Given these entries, repeat exactly the lines starting with the one that has "開展達(dá)標(biāo)" and going on through the one that has "В таблице показано, что", both included, but none of the pictures.

......

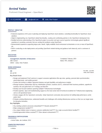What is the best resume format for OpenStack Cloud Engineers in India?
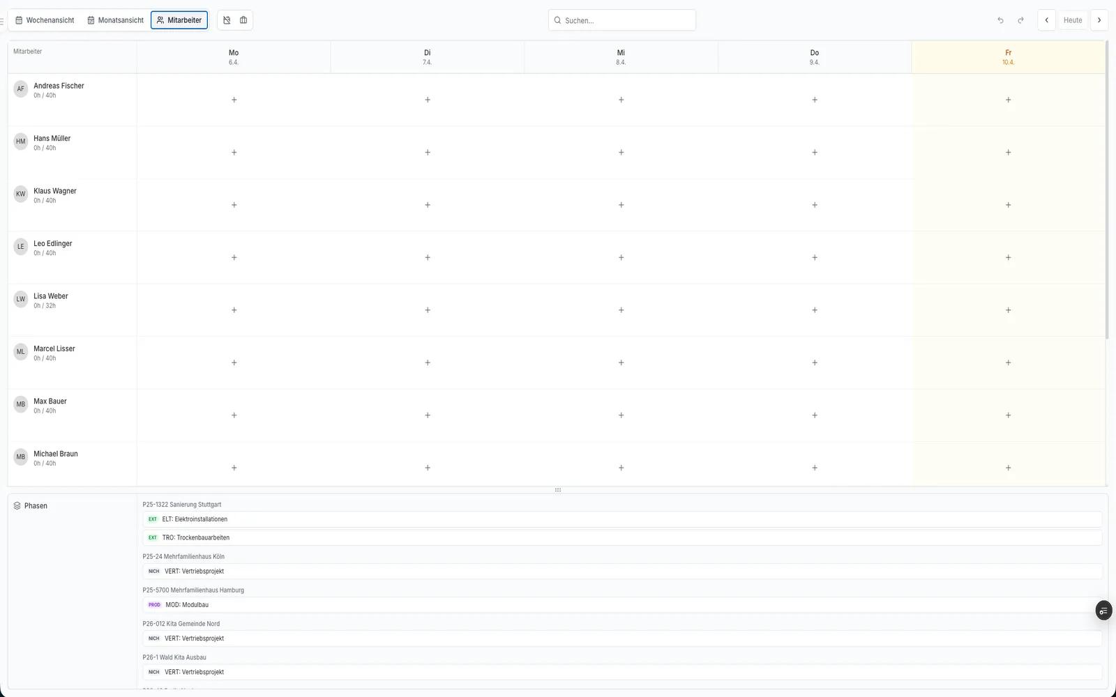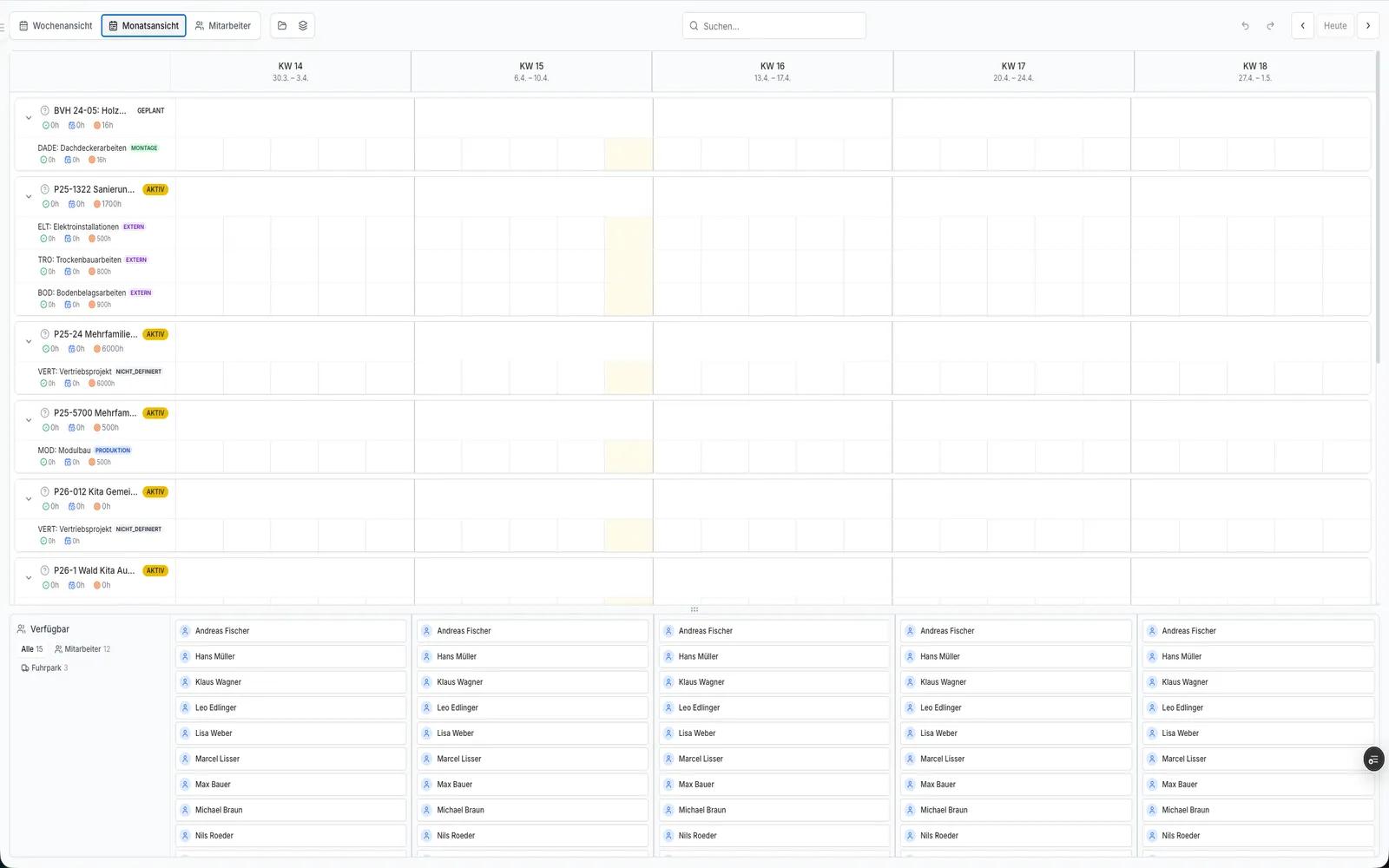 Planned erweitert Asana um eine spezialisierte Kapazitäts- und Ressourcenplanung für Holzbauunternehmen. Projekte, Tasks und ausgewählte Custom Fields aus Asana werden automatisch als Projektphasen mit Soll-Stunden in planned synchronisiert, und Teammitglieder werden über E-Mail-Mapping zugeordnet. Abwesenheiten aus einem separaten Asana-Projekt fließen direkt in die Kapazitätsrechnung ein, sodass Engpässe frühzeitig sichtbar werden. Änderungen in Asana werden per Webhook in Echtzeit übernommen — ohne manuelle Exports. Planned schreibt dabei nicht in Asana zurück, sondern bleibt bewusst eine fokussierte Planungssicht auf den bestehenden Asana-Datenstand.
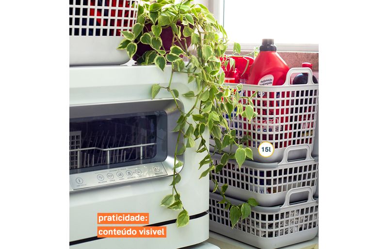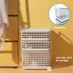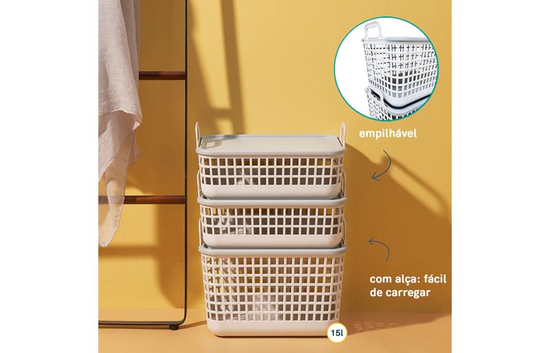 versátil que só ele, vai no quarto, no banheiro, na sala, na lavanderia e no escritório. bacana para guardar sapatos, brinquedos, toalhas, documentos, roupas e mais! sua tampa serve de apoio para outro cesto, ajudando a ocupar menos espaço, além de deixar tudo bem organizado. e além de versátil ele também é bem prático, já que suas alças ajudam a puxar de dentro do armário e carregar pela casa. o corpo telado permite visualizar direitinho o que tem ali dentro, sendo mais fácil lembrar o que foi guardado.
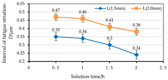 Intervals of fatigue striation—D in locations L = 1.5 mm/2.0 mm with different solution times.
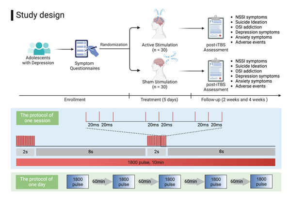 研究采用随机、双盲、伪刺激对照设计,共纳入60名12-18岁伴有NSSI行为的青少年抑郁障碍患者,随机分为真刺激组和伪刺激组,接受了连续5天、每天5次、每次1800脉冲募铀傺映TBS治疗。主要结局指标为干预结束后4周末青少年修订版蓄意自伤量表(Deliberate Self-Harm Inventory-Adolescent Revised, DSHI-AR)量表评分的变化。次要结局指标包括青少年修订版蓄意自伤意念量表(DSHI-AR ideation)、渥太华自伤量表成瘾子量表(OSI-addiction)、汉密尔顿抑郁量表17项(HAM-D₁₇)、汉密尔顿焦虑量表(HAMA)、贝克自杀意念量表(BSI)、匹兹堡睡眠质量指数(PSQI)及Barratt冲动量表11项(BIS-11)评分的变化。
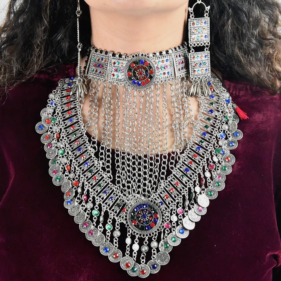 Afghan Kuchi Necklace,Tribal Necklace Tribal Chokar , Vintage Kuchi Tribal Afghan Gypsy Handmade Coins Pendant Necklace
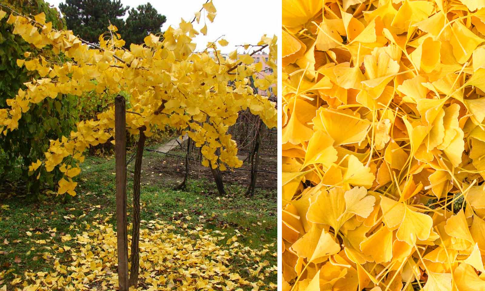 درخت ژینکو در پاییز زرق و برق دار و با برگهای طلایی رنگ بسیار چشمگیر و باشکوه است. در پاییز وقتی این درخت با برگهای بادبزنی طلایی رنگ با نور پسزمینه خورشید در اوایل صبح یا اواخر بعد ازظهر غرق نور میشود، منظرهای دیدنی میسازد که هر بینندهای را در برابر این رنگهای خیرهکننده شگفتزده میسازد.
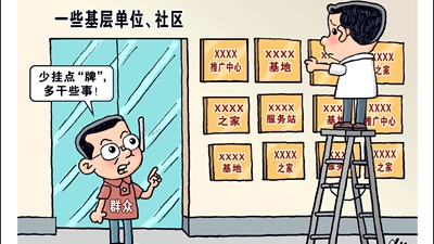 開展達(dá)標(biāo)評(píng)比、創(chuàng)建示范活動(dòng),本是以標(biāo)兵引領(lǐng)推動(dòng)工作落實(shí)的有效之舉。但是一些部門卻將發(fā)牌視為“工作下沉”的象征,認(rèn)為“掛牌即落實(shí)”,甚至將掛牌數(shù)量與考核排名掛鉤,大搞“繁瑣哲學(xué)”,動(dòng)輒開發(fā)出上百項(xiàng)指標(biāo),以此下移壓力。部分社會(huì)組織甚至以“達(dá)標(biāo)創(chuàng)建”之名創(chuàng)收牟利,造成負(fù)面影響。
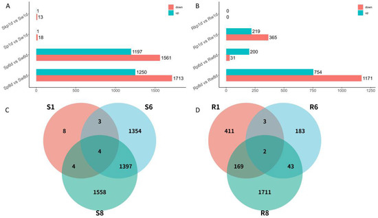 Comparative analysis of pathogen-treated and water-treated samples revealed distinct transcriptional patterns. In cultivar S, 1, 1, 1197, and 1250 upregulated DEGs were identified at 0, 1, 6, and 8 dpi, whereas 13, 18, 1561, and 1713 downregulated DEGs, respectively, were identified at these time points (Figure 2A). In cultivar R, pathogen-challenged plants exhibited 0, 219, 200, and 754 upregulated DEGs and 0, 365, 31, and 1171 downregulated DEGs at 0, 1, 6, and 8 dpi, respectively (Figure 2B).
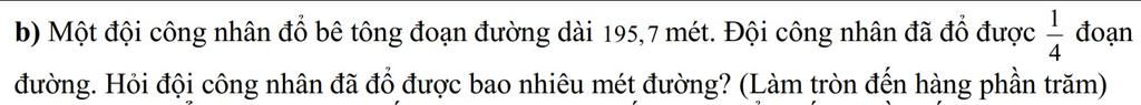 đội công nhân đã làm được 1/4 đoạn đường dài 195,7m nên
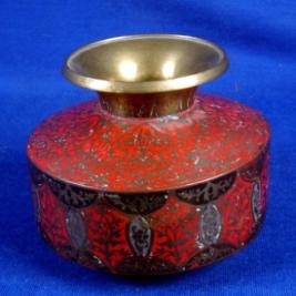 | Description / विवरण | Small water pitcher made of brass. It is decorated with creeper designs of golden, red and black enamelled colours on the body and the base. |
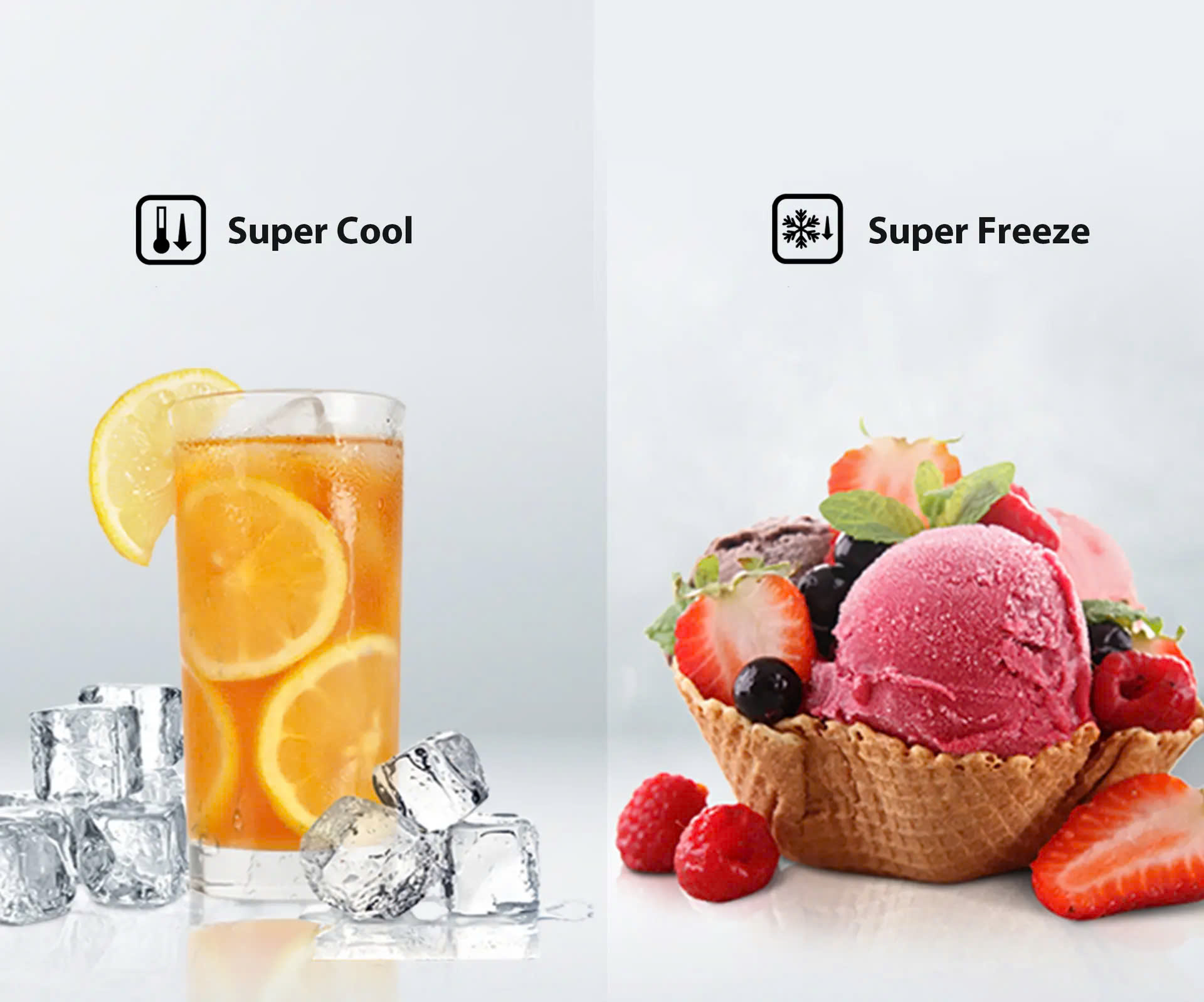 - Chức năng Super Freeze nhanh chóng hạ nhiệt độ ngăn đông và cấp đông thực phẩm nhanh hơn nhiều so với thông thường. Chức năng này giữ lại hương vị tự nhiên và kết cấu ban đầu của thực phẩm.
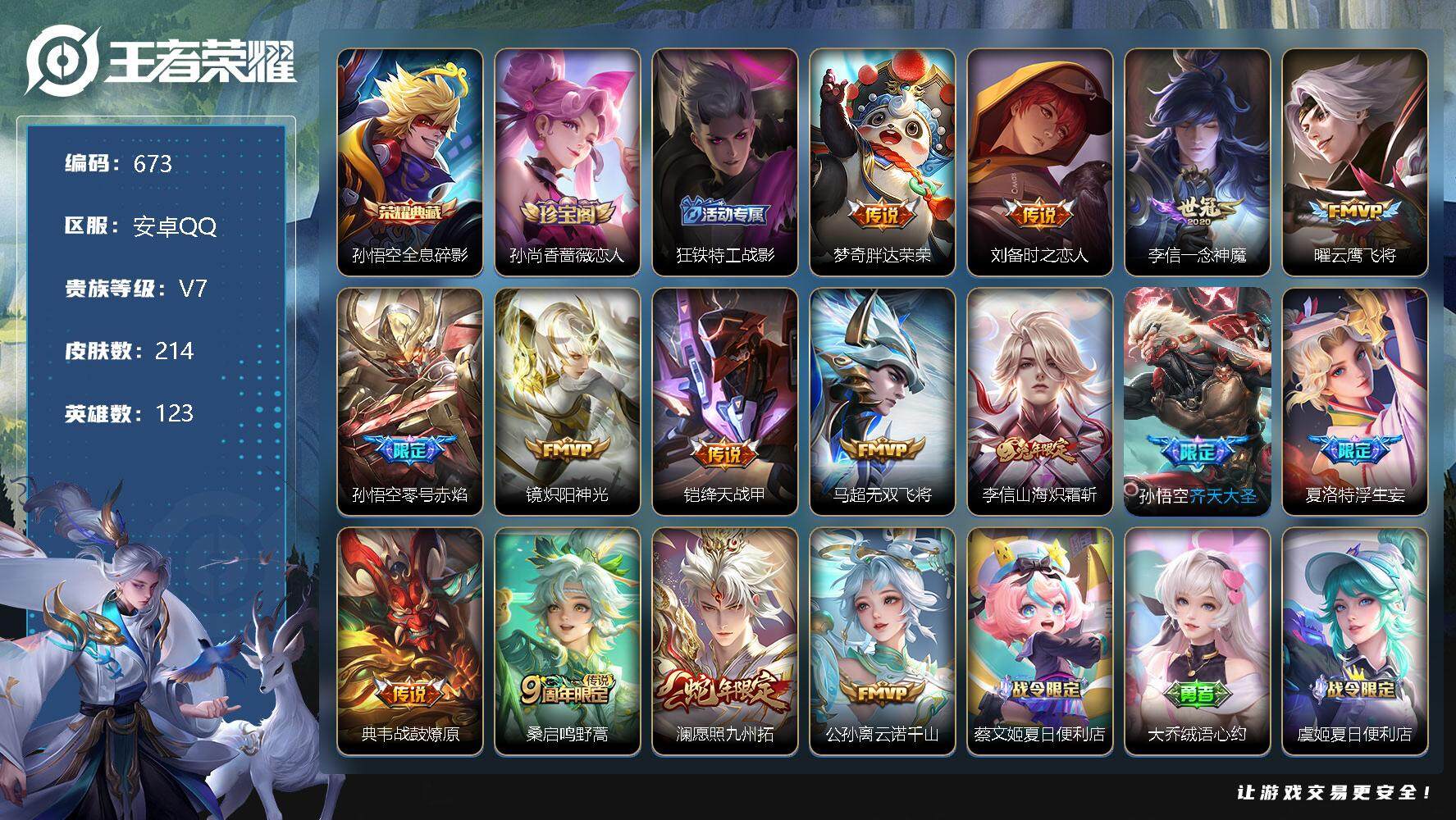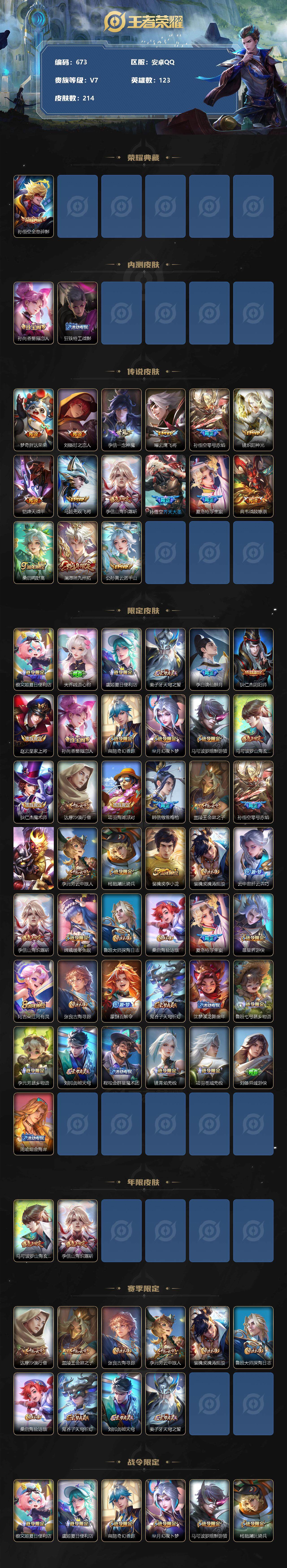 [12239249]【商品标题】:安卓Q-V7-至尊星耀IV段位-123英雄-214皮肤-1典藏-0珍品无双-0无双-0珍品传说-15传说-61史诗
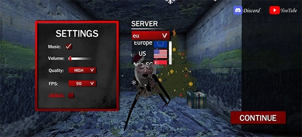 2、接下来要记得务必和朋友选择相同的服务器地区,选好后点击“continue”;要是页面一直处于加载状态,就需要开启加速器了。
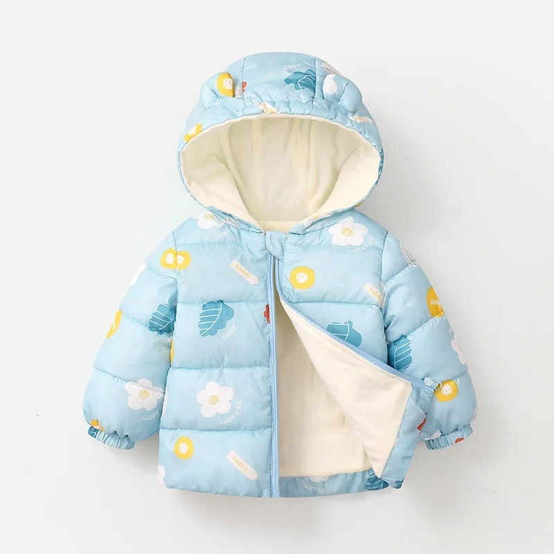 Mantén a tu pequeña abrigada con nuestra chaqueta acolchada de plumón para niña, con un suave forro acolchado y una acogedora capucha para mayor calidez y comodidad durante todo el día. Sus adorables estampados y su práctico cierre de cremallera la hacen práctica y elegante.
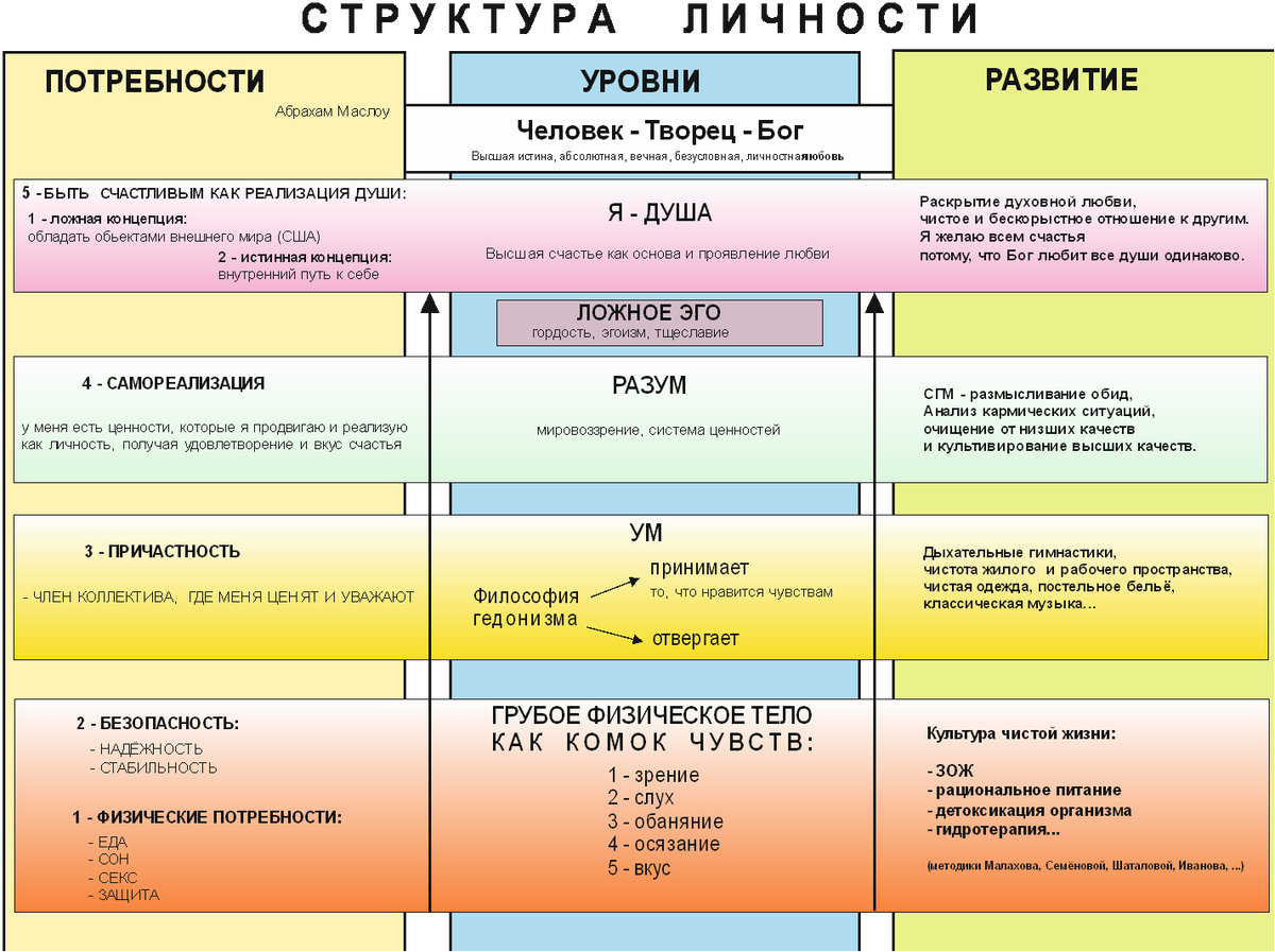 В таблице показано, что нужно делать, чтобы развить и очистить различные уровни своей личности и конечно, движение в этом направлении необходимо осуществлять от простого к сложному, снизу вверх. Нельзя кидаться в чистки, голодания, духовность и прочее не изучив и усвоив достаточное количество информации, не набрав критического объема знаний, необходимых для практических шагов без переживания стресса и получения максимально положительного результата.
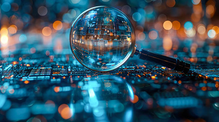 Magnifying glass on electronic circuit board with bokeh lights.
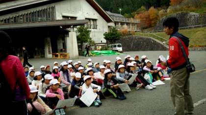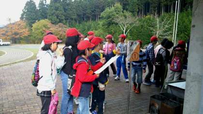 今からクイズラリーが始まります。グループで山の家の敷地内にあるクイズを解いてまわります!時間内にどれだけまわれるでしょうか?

......

ANSWER SPACE –
 開展達(dá)標(biāo)評(píng)比、創(chuàng)建示范活動(dòng),本是以標(biāo)兵引領(lǐng)推動(dòng)工作落實(shí)的有效之舉。但是一些部門卻將發(fā)牌視為“工作下沉”的象征,認(rèn)為“掛牌即落實(shí)”,甚至將掛牌數(shù)量與考核排名掛鉤,大搞“繁瑣哲學(xué)”,動(dòng)輒開發(fā)出上百項(xiàng)指標(biāo),以此下移壓力。部分社會(huì)組織甚至以“達(dá)標(biāo)創(chuàng)建”之名創(chuàng)收牟利,造成負(fù)面影響。
 Comparative analysis of pathogen-treated and water-treated samples revealed distinct transcriptional patterns. In cultivar S, 1, 1, 1197, and 1250 upregulated DEGs were identified at 0, 1, 6, and 8 dpi, whereas 13, 18, 1561, and 1713 downregulated DEGs, respectively, were identified at these time points (Figure 2A). In cultivar R, pathogen-challenged plants exhibited 0, 219, 200, and 754 upregulated DEGs and 0, 365, 31, and 1171 downregulated DEGs at 0, 1, 6, and 8 dpi, respectively (Figure 2B).
 đội công nhân đã làm được 1/4 đoạn đường dài 195,7m nên
 | Description / विवरण | Small water pitcher made of brass. It is decorated with creeper designs of golden, red and black enamelled colours on the body and the base. |
 - Chức năng Super Freeze nhanh chóng hạ nhiệt độ ngăn đông và cấp đông thực phẩm nhanh hơn nhiều so với thông thường. Chức năng này giữ lại hương vị tự nhiên và kết cấu ban đầu của thực phẩm.
 [12239249]【商品标题】:安卓Q-V7-至尊星耀IV段位-123英雄-214皮肤-1典藏-0珍品无双-0无双-0珍品传说-15传说-61史诗
 2、接下来要记得务必和朋友选择相同的服务器地区,选好后点击“continue”;要是页面一直处于加载状态,就需要开启加速器了。
 Mantén a tu pequeña abrigada con nuestra chaqueta acolchada de plumón para niña, con un suave forro acolchado y una acogedora capucha para mayor calidez y comodidad durante todo el día. Sus adorables estampados y su práctico cierre de cremallera la hacen práctica y elegante.
 В таблице показано, что нужно делать, чтобы развить и очистить различные уровни своей личности и конечно, движение в этом направлении необходимо осуществлять от простого к сложному, снизу вверх. Нельзя кидаться в чистки, голодания, духовность и прочее не изучив и усвоив достаточное количество информации, не набрав критического объема знаний, необходимых для практических шагов без переживания стресса и получения максимально положительного результата.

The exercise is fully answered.